Behind him, his home stood proudly. His castle’s shadow yawned over the land as the sun slowly slipped toward the west. Aries turned in a circle, stretching his hands out and speaking in that secret language I didn’t recognize. In a blink, thousands – no, hundreds of thousands – of people appeared, stretching as far as I could see in every direction but the mountain behind us. Men, women, and children. Wealthy, impoverished, and everything in between. Every race. Every religion. Every age and walk of life was represented. Everything that used to separate us from one another didn’t matter now that the Zodia were here.
Visibly frightened, his people huddled together against the cold, howling wind. Infants screamed. They’d been torn from their mothers and fathers, from those who loved them, and now rested in the arms of complete strangers. Did Aries consider how he might feed them? What about those who were ill? I caught sight of a man wearing a thin hospital gown, shivering in the biting air. Some wore pajamas. Some bikinis and board shorts. Some donned business suits, some jeans and tees, while others wore parkas.
There were jewel-toned saris, muted plaid kilts. Some wore shoes. Some were barefoot. There were men wearing keffiyehs, and one who wore a blood red bandana atop his head, sporting a leather jacket with moto patches. One girl about my age wore a gown, complete with a sash and glittering crown. She stood next to a guy with saggy pants who wore a beanie clamped down over thick dreads.
Moments later a new, smaller group appeared between us and Aries’ people. Although they looked human enough, they weren’t.
I counted each one to be sure. There were eleven.
The Guardians ranged in age from young adult to elderly, male and female. They looked like they could seamlessly fit in amongst the throng of people, but their ultimate duty was to Aries alone.
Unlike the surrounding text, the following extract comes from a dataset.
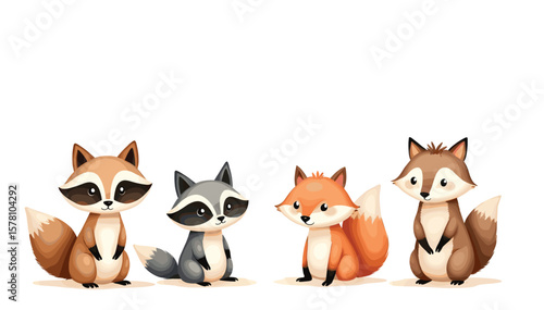 Adorable Forest Animals Lined Up Together

Aries quickly introduced himself to the assembled multitude, his voice booming over the land like peals of thunder. Loud and terrible, but clear. He explained that they were residents of his kingdom now, and then, as easily as he’d constructed his temple and the castle within it, he built humble homes for them all, simply by whispering for them to raise up. Wide-eyed people moved out of the way of the rising stones and watched the walls rise and roofs thatch themselves. Aries’s castle postured over it all, nestled into the mountain’s side like a kitten curled up to its owner.